YOUR INSTRUCTIONS :: Could you repeat exactly the lines from the one containing "课上,王主任以《坚定自己人生" through the last line of the records, with no pictures?

___ PROVIDED RECORDS ___

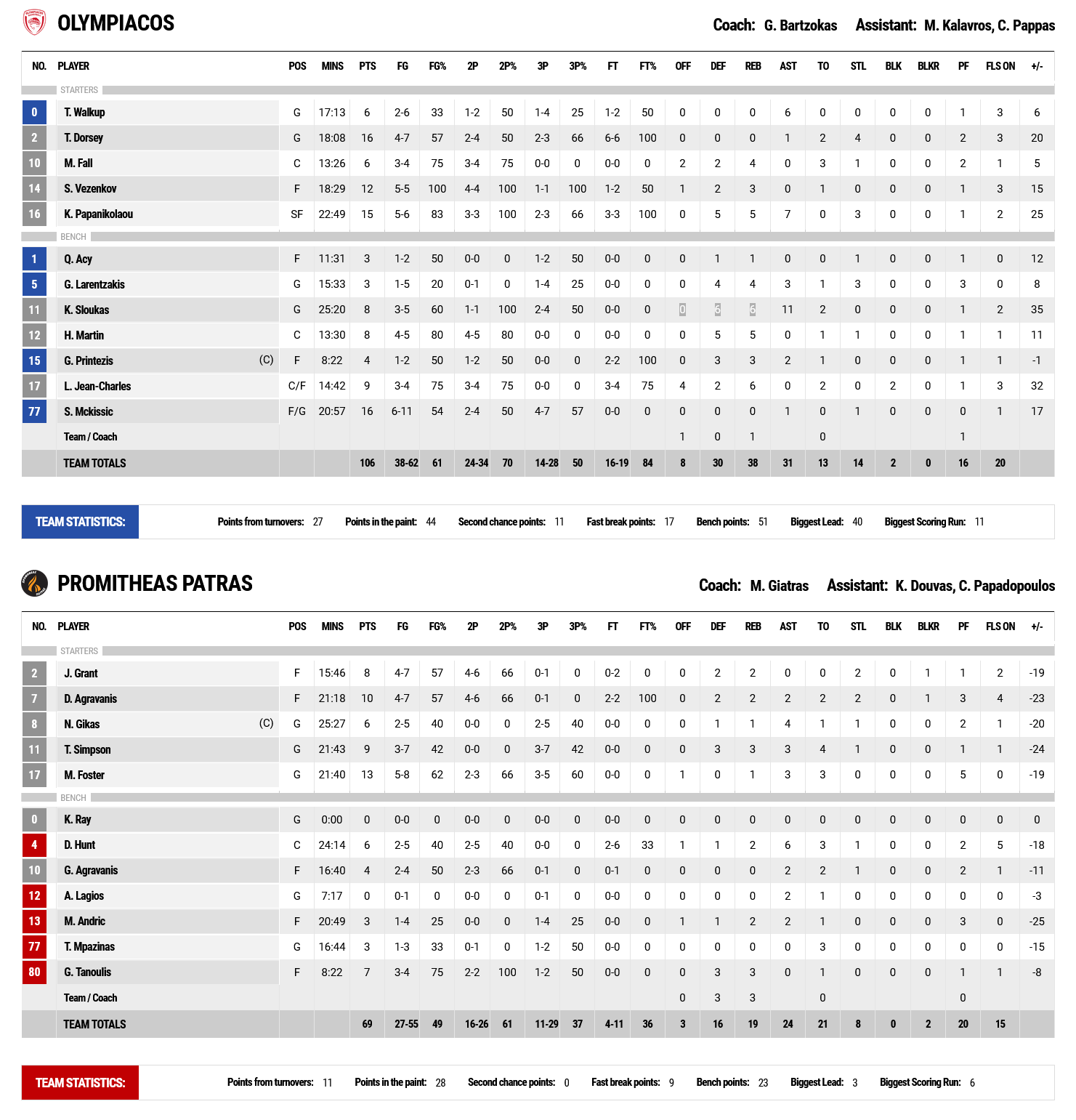 Relying on the its good perimeter percentages, our team increased the distance even more (+24, 61-37 at 23’). The Patras team tried to get back in the game with hard defense (65-41), however, Tyler Dorsey and Kostas Papanikolau saw that the order was immediately restored (+29, 82-53 at 31’). Despite the game having been decided, Bartzokas’ players denied slowing down (96-58 at 35’). The 100p. barrier was brought down by Shaquielle McKissic from the 6.75m. arc (102-64 at 38’), while the widest difference was that of 30p. (104-64 at 39’).
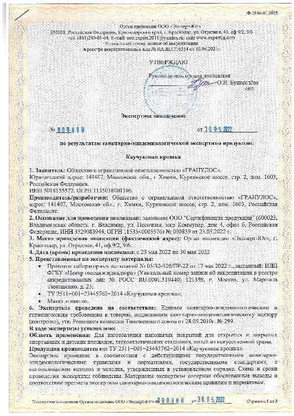 Гранулят из синтетического каучука. Входит в состав бесшовных покрытий на детских и спортивных площадках. Безопасный для здоровья человека материал. Сохраняет яркость цвета на протяжении всего срока эксплуатации — не менее 10—15 лет.
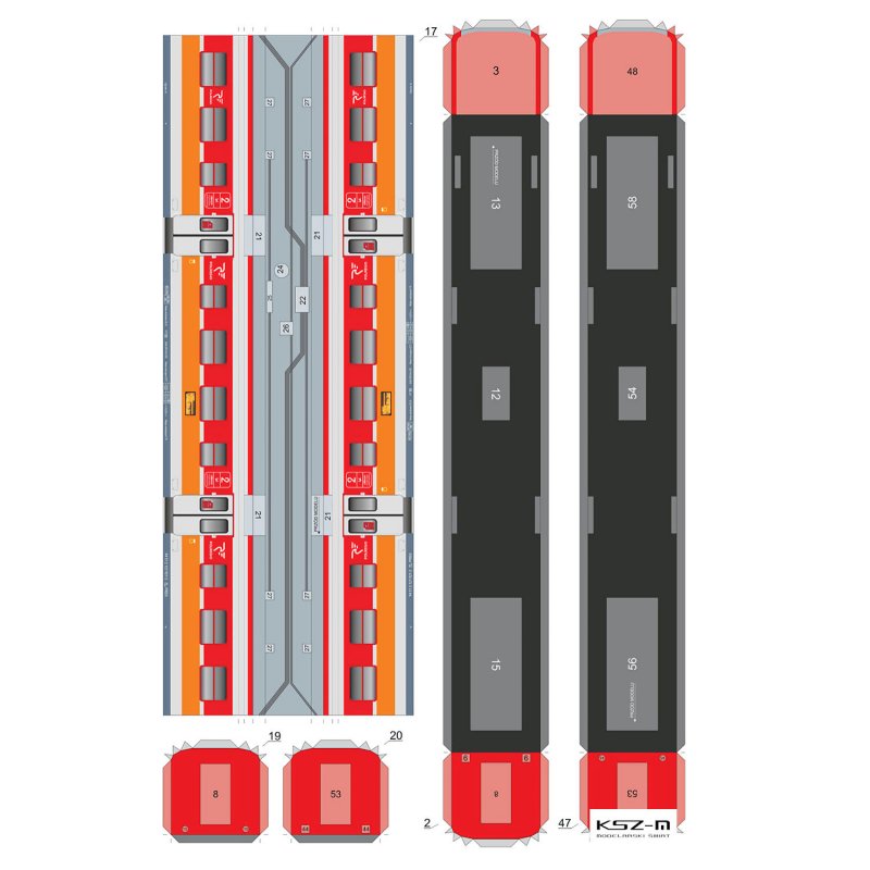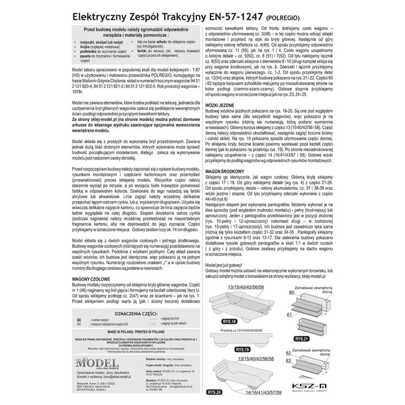 Egzemplarz zawiera model kartonowy do sklejenia prezentujący skład Elektrycznego Zespołu Trakcyjnego EN-57 (1247) w malowaniu taboru użytkowanego przez Pomorska Kolej Metropolitalną obsługiwaną przez POLREGIO Sp. z o.o. Tabor ten kursuje na linii Malbork-Gdynia Chylonia
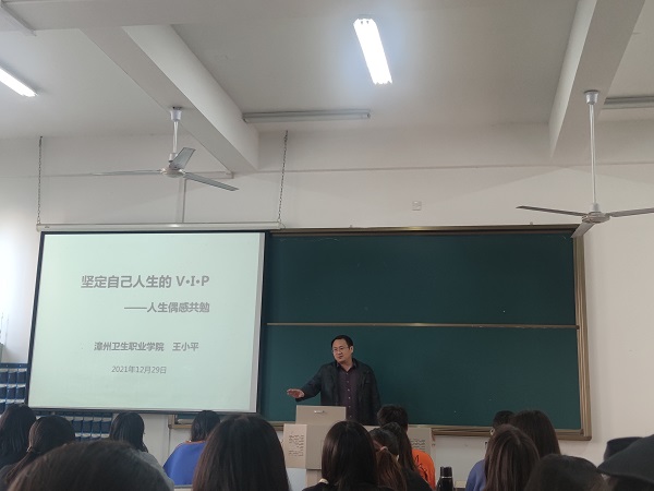 课上,王主任以《坚定自己人生的V·I·P——人生偶感共勉》为题,用深入浅出的语言从“VIEW(发现问题)”、“IDEA(想法)”及“PRACTICE(解决问题)”三个维度阐述了技能型医学生提升专业意识、职业道德及基本素质的重要性。接着,王主任从自身出发,与同学们分享工作实例及感触,希望同学们在课堂学习和社会实践中找到适合自己的学习方法、技巧,培养专业思维。最后,王主任寄语同学们要带着对中药的无限热爱,圆满完成大学学业。
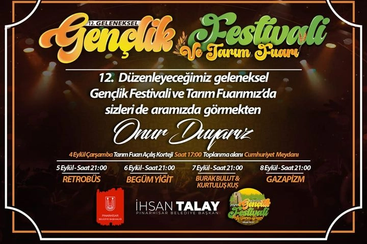 Pınarhisar Belediye Başkanı İhsan Talay, Pınarhisar Belediyesi tarafından düzenlenen Tarım Fuarı'nın bugün saat 17:00'de açılacağını duyurdu.

___

YOUR SOLUTION ::
 课上,王主任以《坚定自己人生的V·I·P——人生偶感共勉》为题,用深入浅出的语言从“VIEW(发现问题)”、“IDEA(想法)”及“PRACTICE(解决问题)”三个维度阐述了技能型医学生提升专业意识、职业道德及基本素质的重要性。接着,王主任从自身出发,与同学们分享工作实例及感触,希望同学们在课堂学习和社会实践中找到适合自己的学习方法、技巧,培养专业思维。最后,王主任寄语同学们要带着对中药的无限热爱,圆满完成大学学业。
 Pınarhisar Belediye Başkanı İhsan Talay, Pınarhisar Belediyesi tarafından düzenlenen Tarım Fuarı'nın bugün saat 17:00'de açılacağını duyurdu.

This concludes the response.